In his amended complaint, Hoesch claimed he paid more than $19,000 in boarding fees and lost “the benefit of more than two years of Mercedes’ love and affection.” He sought damages for boarding expenses, emotional distress, and loss of love and companionship. He also claimed that the county’s unconstitutional ordinance had violated his equal-protection rights.
The county tried to dismiss Hoesch’s inverse-condemnation claim, arguing that Hoesch asked for damages that exceeded the value of the seized property.

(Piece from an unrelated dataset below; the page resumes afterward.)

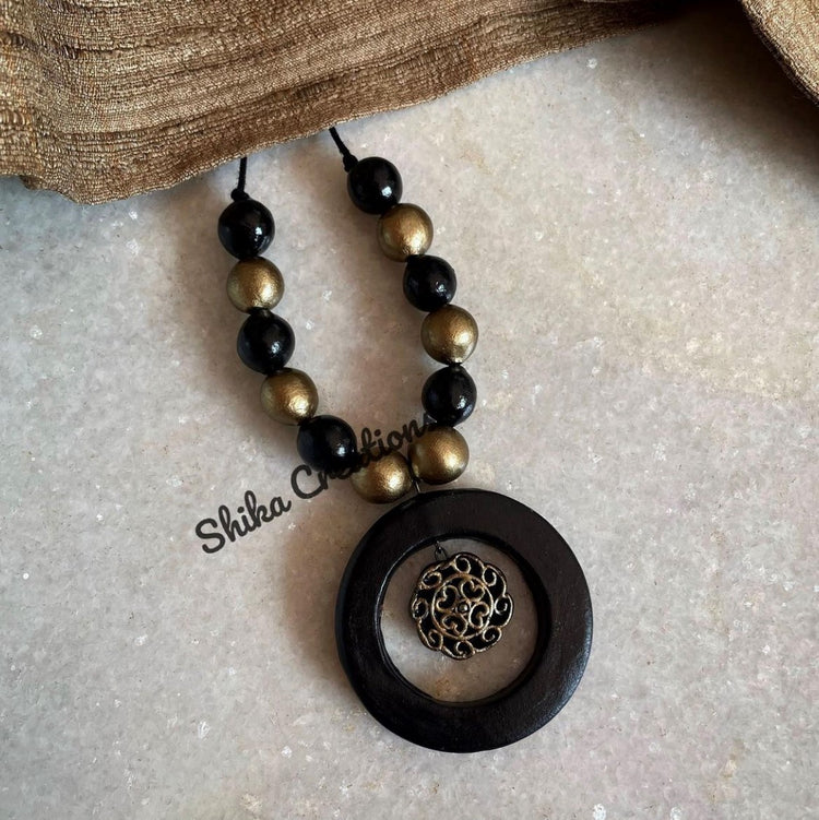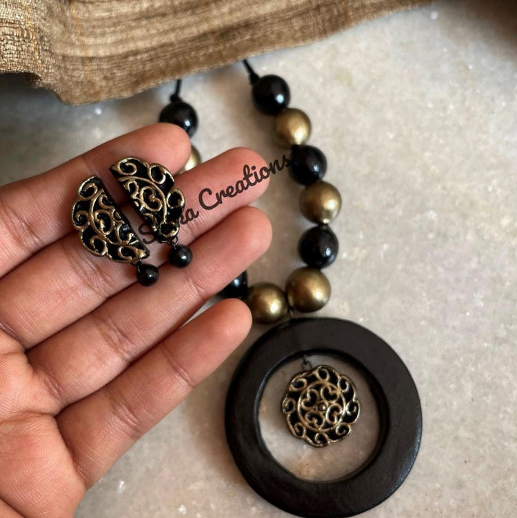 About the Product: Shika's regular wear sets are simple, goes with everything, and can be worn every day to get a sophisticated look. Terracotta pendant with studs in the most favourite black and antique shades.The neckwear comes with an adjustable dori for the closure.

But U.S. District Judge Kenneth Marra rejected the county’s argument. Though Marra agreed that damages for boarding expenses, emotional distress, and loss of love and companionship are not recoverable, he concluded that “in a situation of a temporary taking, plaintiff is entitled to damages for loss of use of the property due to the taking.”
Marra dismissed Hoesch’s equal-protection claim, finding that Hoesch had failed to prove the county had treated him differently from other dog owners.
“Simply put, plaintiff’s equal protection claim suffers from a fundamental defect,” Marra wrote. “Plaintiff complains that Broward County has treated him differently than another government body, the state of Florida, treats him and others. This is a faulty assertion because an equal protection claim prohibits the same governmental body from treating similarly situated people differently. Plaintiff’s claim, however, alleges that different government bodies treated similarly situated persons (i.e., dog owners) differently.” (Parentheses in original.)
The court allowed Hoesch to bring the equal-protection claim again in an amended complaint.
Marra refused to remand Hoesch’s case to state court, finding that separating the state-law claim and the federal claim could lead to parallel proceedings, wasting judicial resources.
The court also rejected Hoesch’s argument that the inverse-condemnation claim concerned “a novel or complex issue of state law,” and chose to retain jurisdiction over both claims.